WHAT YOU SHOULD DO: Could you repeat the entries below exactly, but only from the line with "Cremieux Anna Tiered" through the line with "Kedua evaluator Geopark", and without any picture?

GIVEN DATA:
--------------------

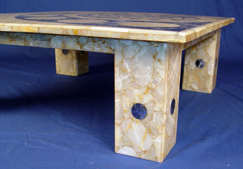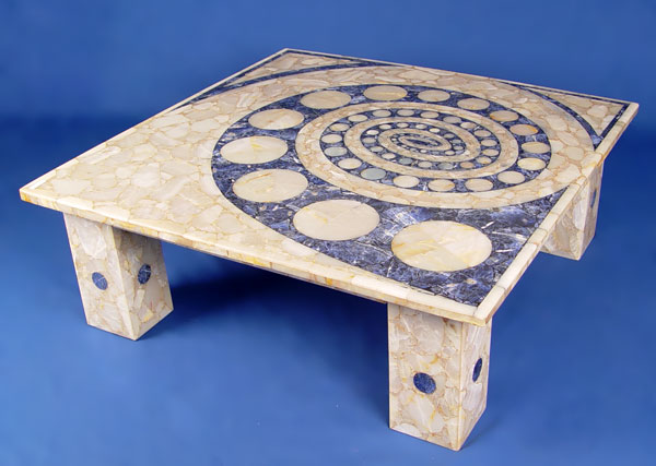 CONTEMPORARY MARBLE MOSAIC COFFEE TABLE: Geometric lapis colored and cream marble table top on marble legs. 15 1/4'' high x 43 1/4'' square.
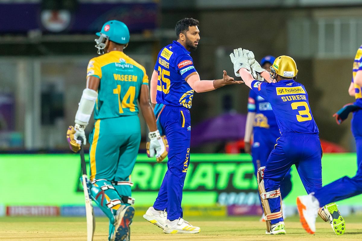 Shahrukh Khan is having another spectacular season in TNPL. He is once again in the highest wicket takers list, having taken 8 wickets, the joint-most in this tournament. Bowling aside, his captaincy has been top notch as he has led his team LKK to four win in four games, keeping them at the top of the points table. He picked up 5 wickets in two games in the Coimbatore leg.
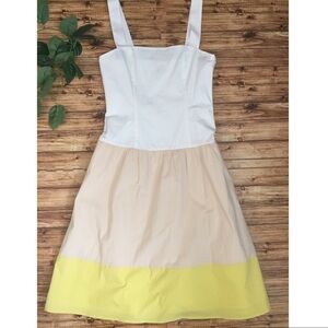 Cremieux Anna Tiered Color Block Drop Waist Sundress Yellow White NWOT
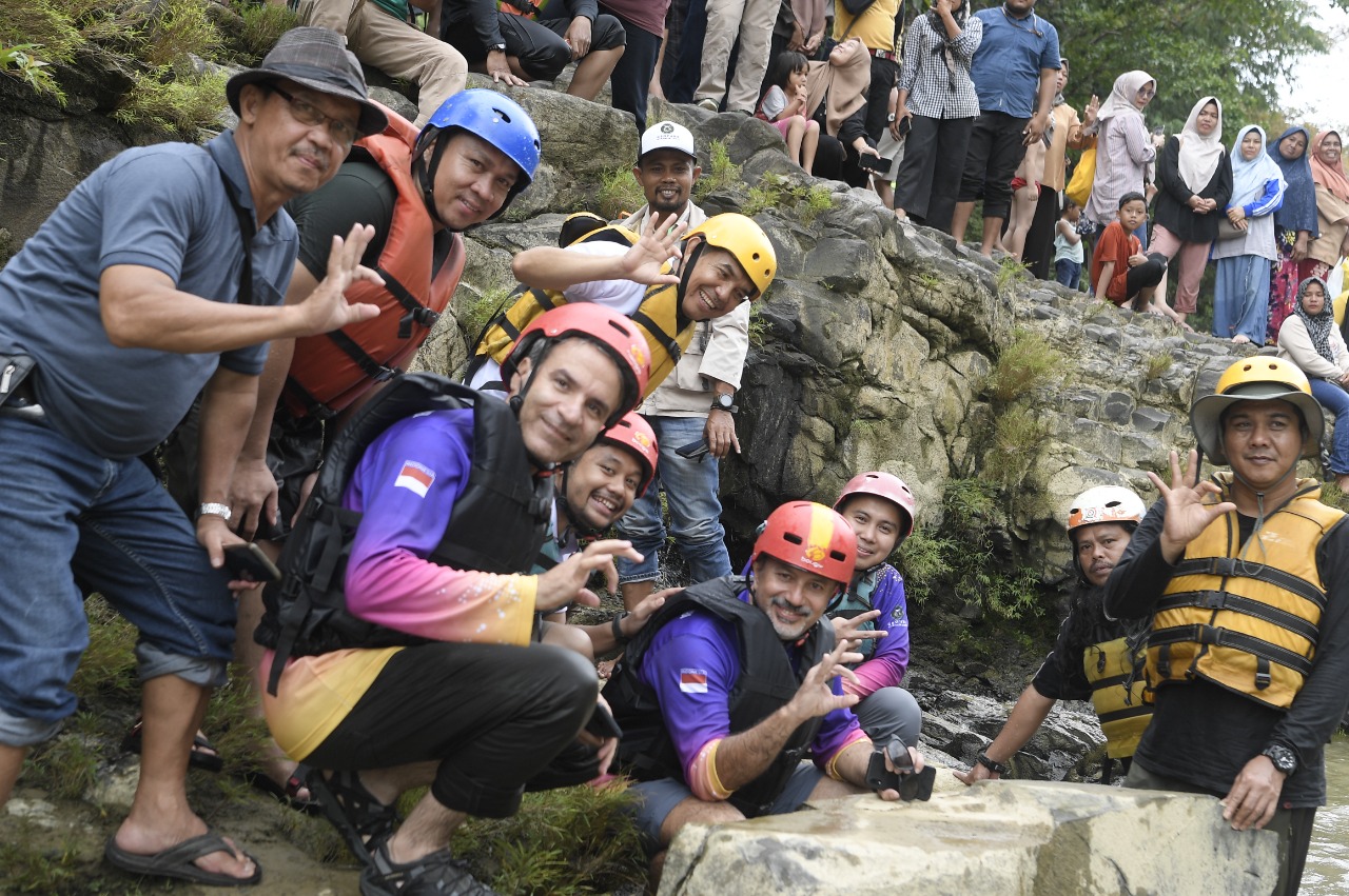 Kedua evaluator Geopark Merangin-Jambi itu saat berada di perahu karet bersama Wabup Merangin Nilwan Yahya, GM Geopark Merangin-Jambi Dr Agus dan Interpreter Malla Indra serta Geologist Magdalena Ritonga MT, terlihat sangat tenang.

--------------------

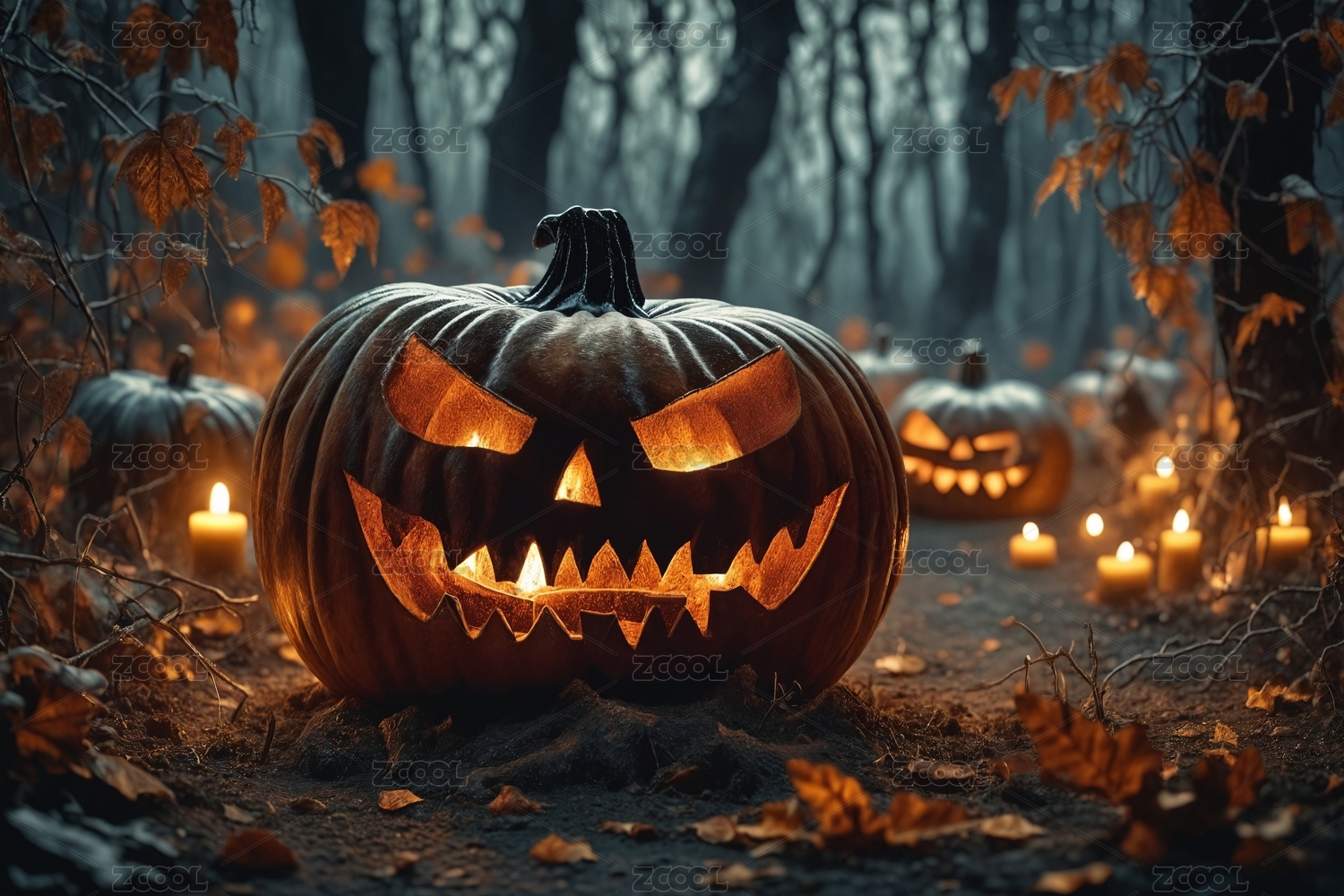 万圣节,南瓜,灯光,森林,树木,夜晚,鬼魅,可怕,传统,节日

--------------------

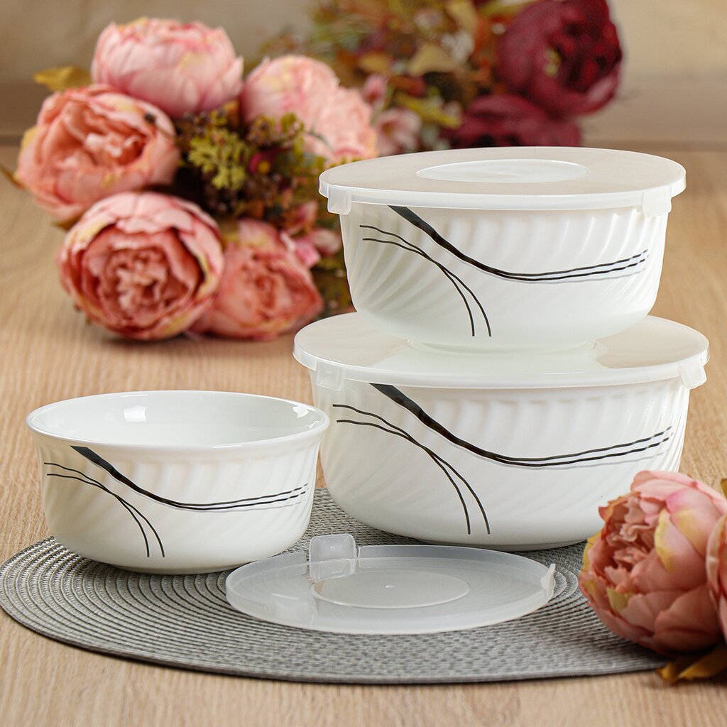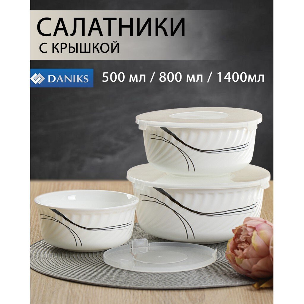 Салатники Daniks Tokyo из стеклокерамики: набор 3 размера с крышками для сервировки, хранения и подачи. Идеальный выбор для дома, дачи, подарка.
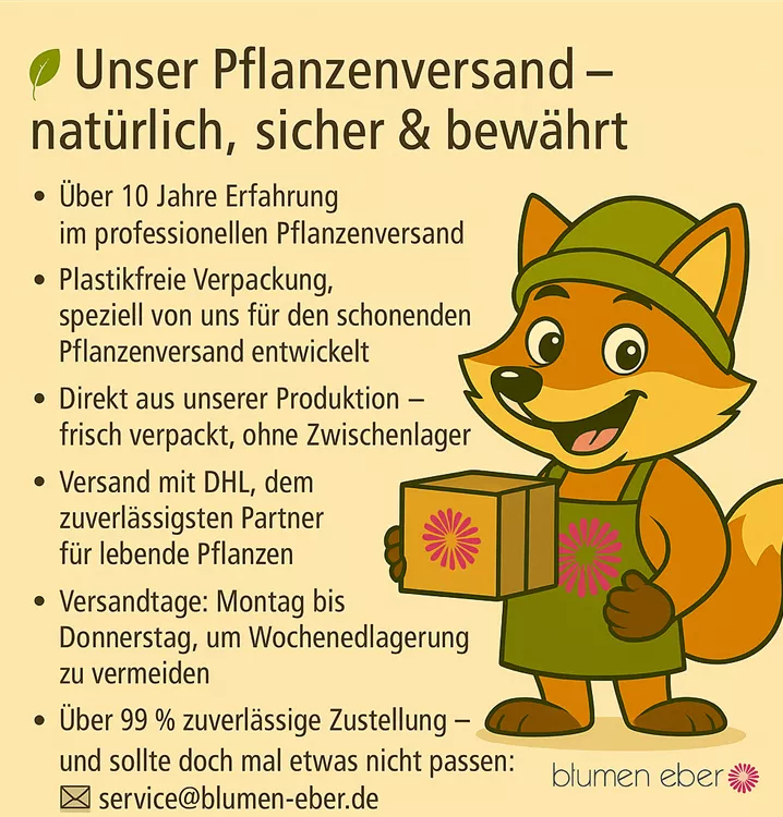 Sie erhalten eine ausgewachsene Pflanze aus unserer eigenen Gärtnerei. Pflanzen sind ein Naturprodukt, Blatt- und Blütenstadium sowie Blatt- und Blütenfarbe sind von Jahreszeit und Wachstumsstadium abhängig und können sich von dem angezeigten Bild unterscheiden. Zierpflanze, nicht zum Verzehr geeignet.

--------------------

WRITTEN SOLUTION:
 Cremieux Anna Tiered Color Block Drop Waist Sundress Yellow White NWOT
 Kedua evaluator Geopark Merangin-Jambi itu saat berada di perahu karet bersama Wabup Merangin Nilwan Yahya, GM Geopark Merangin-Jambi Dr Agus dan Interpreter Malla Indra serta Geologist Magdalena Ritonga MT, terlihat sangat tenang.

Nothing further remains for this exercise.